児童自立支援施設などといえば、舌をかみそうなうえに堅苦しい感じがする。しかし実際のここは、そこまで堅い雰囲気ではなかった。
大自然とまではいかないが、このあたりは田舎で自然がゆたかな場所だ。緑にかこまれた敷地のなかには、本館である学校と体育館やグラウンドがある。

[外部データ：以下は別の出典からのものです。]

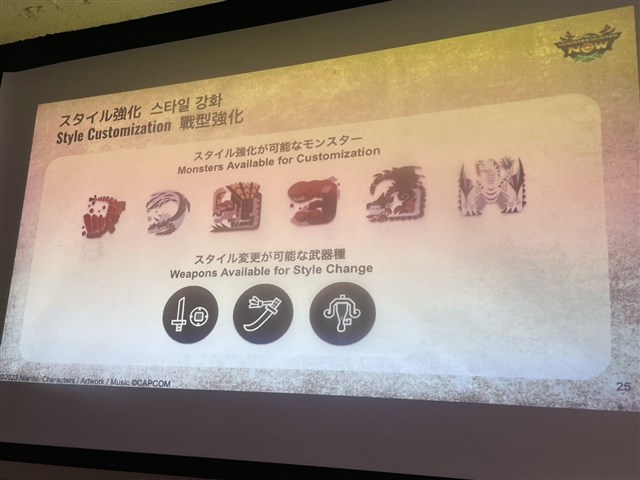 なお、スタイル強化が可能なのは、次元変異モンスターとして登場する6種のモンスターの素材を使用する武器となる。さらに、スタイルの選択が可能なのはその中で「片手剣」「太刀」「ライトボウガン」の3種類。他の武器種のスタイル追加についても今後随時予定している。
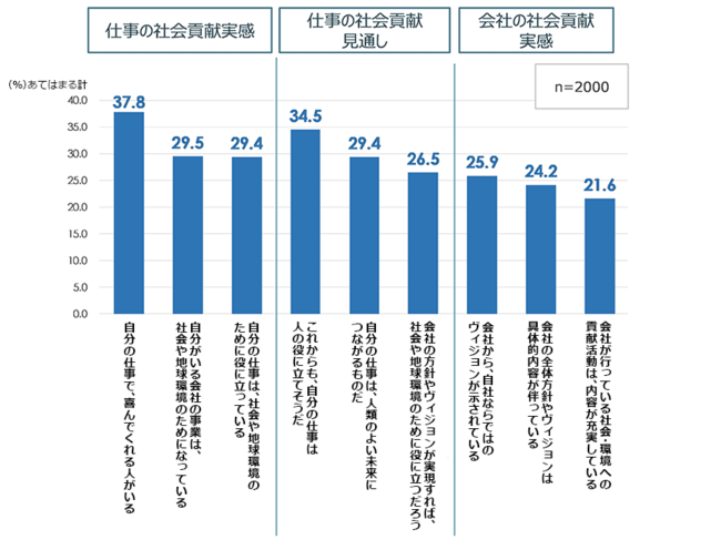 今の仕事や会社の活動の社会貢献実感である「ソーシャル・レリバンス」が強い

中庭のようなものを挟んで男子寮と女子寮があり、敷地をかこむ高い塀のようなものはない。みたところ普通の学校と、なんら変わりはない施設なのだ。
「なあ、……俺さ、思うんじゃけんど」
「なんが……」
「これってさ、普通に逃げれるくね?」
健全な心は、健康な身体から。そんなことを掲げているこの施設では、早朝のトレーニングと称して施設のそとをランニングする。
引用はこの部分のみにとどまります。